Open BlobMaster41 opened 2 months ago

BlobMaster41 commented 2 months ago

My program segfault fatally after ~30minutes with a reference deletion problem. Here is the full backtrace from gdb:

0x00000000013ea173 in v8::internal::GlobalHandles::Destroy(unsigned long*) ()
(gdb) bt
#0  0x00000000013ea173 in v8::internal::GlobalHandles::Destroy(unsigned long*) ()
#1  0x0000000000f06292 in v8impl::Reference::~Reference() ()
#2  0x0000000000f1158b in napi_delete_reference ()
#3  0x00007ffed4c5bfdf in napi::bindgen_runtime::module_register::custom_gc (env=0x7ffe2820f580, _js_callback=0x7ffe2806f4a8, _context=0x0, data=0x7ffc5aaebcc0) at src/bindgen_runtime/module_register.rs:634
#4  0x0000000000f2cbc9 in v8impl::(anonymous namespace)::ThreadSafeFunction::AsyncCb(uv_async_s*) ()
#5  0x0000000001d2bc43 in uv__async_io (loop=0x7ffe3fbff998, w=<optimized out>, events=<optimized out>) at ../deps/uv/src/unix/async.c:176
#6  0x0000000001d40974 in uv__io_poll (loop=loop@entry=0x7ffe3fbff998, timeout=<optimized out>) at ../deps/uv/src/unix/linux.c:1528
#7  0x0000000001d2c967 in uv_run (loop=0x7ffe3fbff998, mode=UV_RUN_DEFAULT) at ../deps/uv/src/unix/core.c:448
#8  0x0000000000e726d6 in node::SpinEventLoopInternal(node::Environment*) ()
#9  0x00000000010aa387 in node::worker::Worker::Run() ()
#10 0x00000000010aa539 in node::worker::Worker::StartThread(v8::FunctionCallbackInfo<v8::Value> const&)::{lambda(void*)#1}::_FUN(void*) ()
#11 0x00007ffff789caa4 in start_thread (arg=<optimized out>) at ./nptl/pthread_create.c:447
#12 0x00007ffff7929c3c in clone3 () at ../sysdeps/unix/sysv/linux/x86_64/clone3.S:78

It seems that there is a problem in a async function cleaning up a buffer object in custom_gc:

https://github.com/napi-rs/napi-rs/blob/napi%402.16.17/crates/napi/src/bindgen_runtime/module_register.rs#L602

I have no clue how to replicate easily but it does happen.

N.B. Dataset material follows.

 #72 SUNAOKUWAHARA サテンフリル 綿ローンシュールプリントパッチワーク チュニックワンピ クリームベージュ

BlobMaster41 commented 1 month ago

After some more investigation, I can confirm that this is the problem, I have recompiled napi from source and removed the entire custom_gc function. The program no longer segfault.

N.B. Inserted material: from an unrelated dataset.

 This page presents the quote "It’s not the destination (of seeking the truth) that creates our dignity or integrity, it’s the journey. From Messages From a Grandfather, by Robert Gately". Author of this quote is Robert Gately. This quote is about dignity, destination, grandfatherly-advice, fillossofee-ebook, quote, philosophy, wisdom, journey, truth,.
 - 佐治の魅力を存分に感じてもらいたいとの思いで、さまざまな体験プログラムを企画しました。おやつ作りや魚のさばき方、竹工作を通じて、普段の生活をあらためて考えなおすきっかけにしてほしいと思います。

After ~2milion calls, my program now leak about 53GB of memory. It is not perfect but at least it prevent a fatal segfault.

This is a critial issue, I can not identify the cause of this behavior.

You may take a look at my project source:

https://github.com/btc-vision/op-vm

Brooooooklyn commented 1 month ago

It should be fixed in 3.0.0-alpha, can you upgrade and test again? @BlobMaster41

BlobMaster41 commented 1 month ago

Will try it asap, I need to make it compatible with NAPI 3.

BlobMaster41 commented 4 weeks ago

Hey @Brooooooklyn, I have converted my vm to napi3 and im having a problem and I dont understand what is happening. It's coming from napi3.

when calling a threadsafe function from rust, im getting the following result:

Error { status: "Ok", reason: "" } Error calling tsfn function: Ok

whatever I do.

You may take a look at my implementation:

https://github.com/btc-vision/op-vm/pull/118

It is very critical that I find my problem before going into production.

Thanks for your help!

Brooooooklyn commented 4 weeks ago

@BlobMaster41 how can I reproduce it in your project? Can you give me the reproduce steps?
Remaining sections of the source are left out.